§ **EXERCISE BRIEF**:
Below are entries to be transcribed exactly; exclude the pictures from the copy.

Records from a collection:
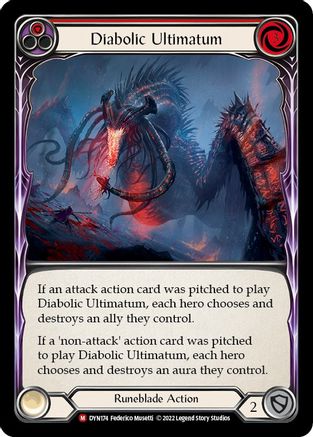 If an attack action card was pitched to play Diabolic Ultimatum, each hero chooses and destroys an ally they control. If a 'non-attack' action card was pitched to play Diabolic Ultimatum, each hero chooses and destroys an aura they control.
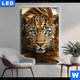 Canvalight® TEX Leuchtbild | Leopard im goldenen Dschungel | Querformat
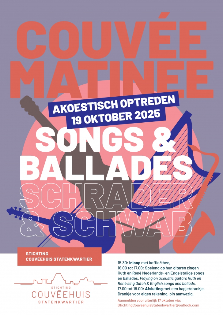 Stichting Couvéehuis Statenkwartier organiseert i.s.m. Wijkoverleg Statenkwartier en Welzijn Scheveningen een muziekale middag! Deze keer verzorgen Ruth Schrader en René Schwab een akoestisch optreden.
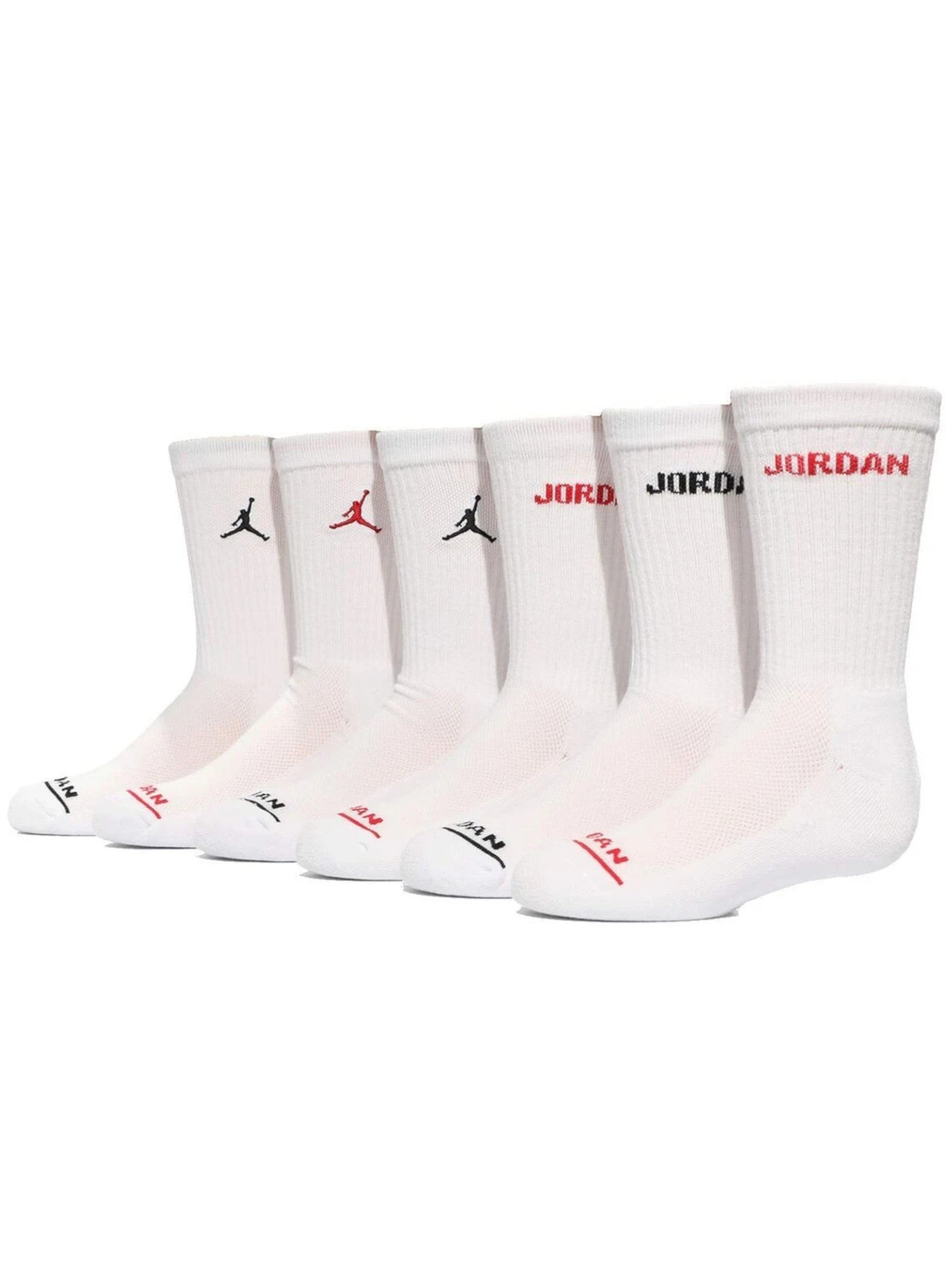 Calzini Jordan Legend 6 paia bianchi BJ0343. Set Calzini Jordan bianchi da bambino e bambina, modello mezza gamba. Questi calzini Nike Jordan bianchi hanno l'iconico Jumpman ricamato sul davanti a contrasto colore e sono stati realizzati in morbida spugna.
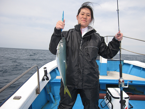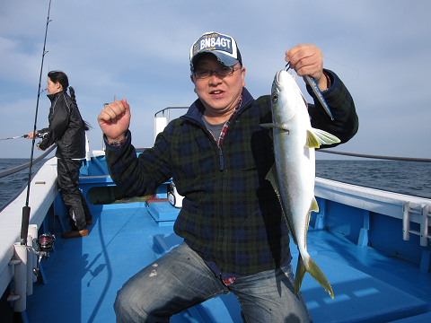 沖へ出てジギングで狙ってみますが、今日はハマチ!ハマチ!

§ **OUTPUT OF THE EXERCISE**:
 If an attack action card was pitched to play Diabolic Ultimatum, each hero chooses and destroys an ally they control. If a 'non-attack' action card was pitched to play Diabolic Ultimatum, each hero chooses and destroys an aura they control.
 Canvalight® TEX Leuchtbild | Leopard im goldenen Dschungel | Querformat
 Stichting Couvéehuis Statenkwartier organiseert i.s.m. Wijkoverleg Statenkwartier en Welzijn Scheveningen een muziekale middag! Deze keer verzorgen Ruth Schrader en René Schwab een akoestisch optreden.
 Calzini Jordan Legend 6 paia bianchi BJ0343. Set Calzini Jordan bianchi da bambino e bambina, modello mezza gamba. Questi calzini Nike Jordan bianchi hanno l'iconico Jumpman ricamato sul davanti a contrasto colore e sono stati realizzati in morbida spugna.
 沖へ出てジギングで狙ってみますが、今日はハマチ!ハマチ!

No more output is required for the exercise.